U’s writing revamped

Come July, undergrads will face higher expectations for their writing skills.

Karlee Weinmann

This semester will be the last for composition courses as students know them, but the University hasn’t written off writing requirements altogether.

Beginning July 1, a new campuswide writing initiative will be set in motion with the launch of the department of Writing Studies. The new College of Liberal Arts unit aims to improve undergraduate writing across all University departments.

Rhetoric and composition will merge into the new department, which will also offer a degree in technical communications.

In 2005, one of 35 task forces created to help with strategic positioning was designed to look specifically at undergraduate programs and potential enhancements that could allow greater levels of student success in writing.

First-year writing

Laura Gurak, professor and co-chair of the Task Force on Undergraduate Writing who will serve as the department chair for the department of writing, said the first-year composition requirement was a point of focus from the outset.

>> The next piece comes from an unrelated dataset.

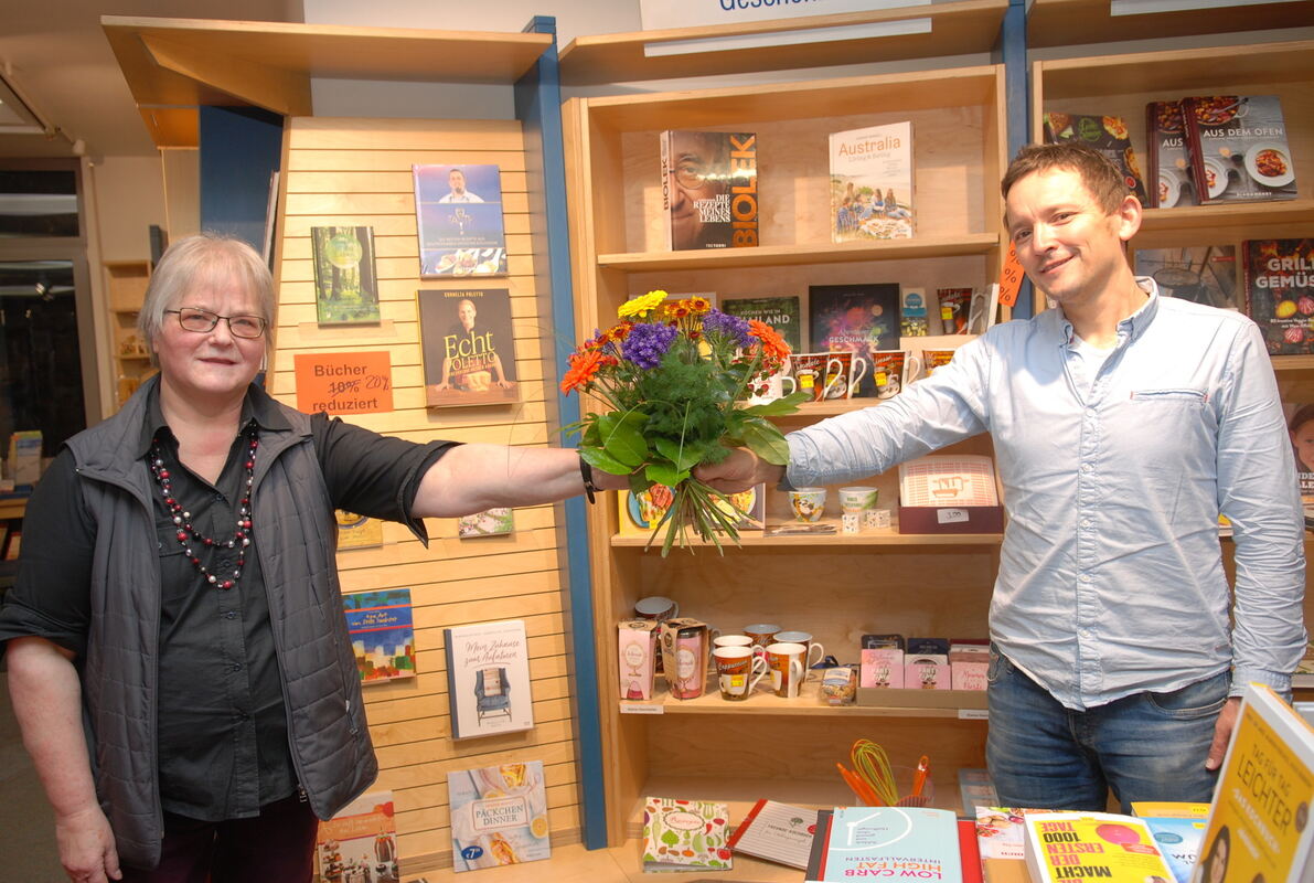 Blumen zum Abschied: Stefan Fink übernimmt die Buchhandlung von Inhaberin Margret Widmann. FOTO: PFISTERER

The departments of rhetoric, English and postsecondary teaching and learning offered courses that fulfilled this requirement.

“We really ought to pull together all three versions of freshman writing and try to do something a little bit better Ö so that students can have a consistent experience across the courses,” she said.

The task force recommended the integration of these separate departments and moved for no more exemptions from first-year composition courses for students who score highly on an index based on standardized test scores and high school grades.

Students earning University credit based on composition-based Advanced Placement or International Baccalaureate tests will remain unaffected by the changes.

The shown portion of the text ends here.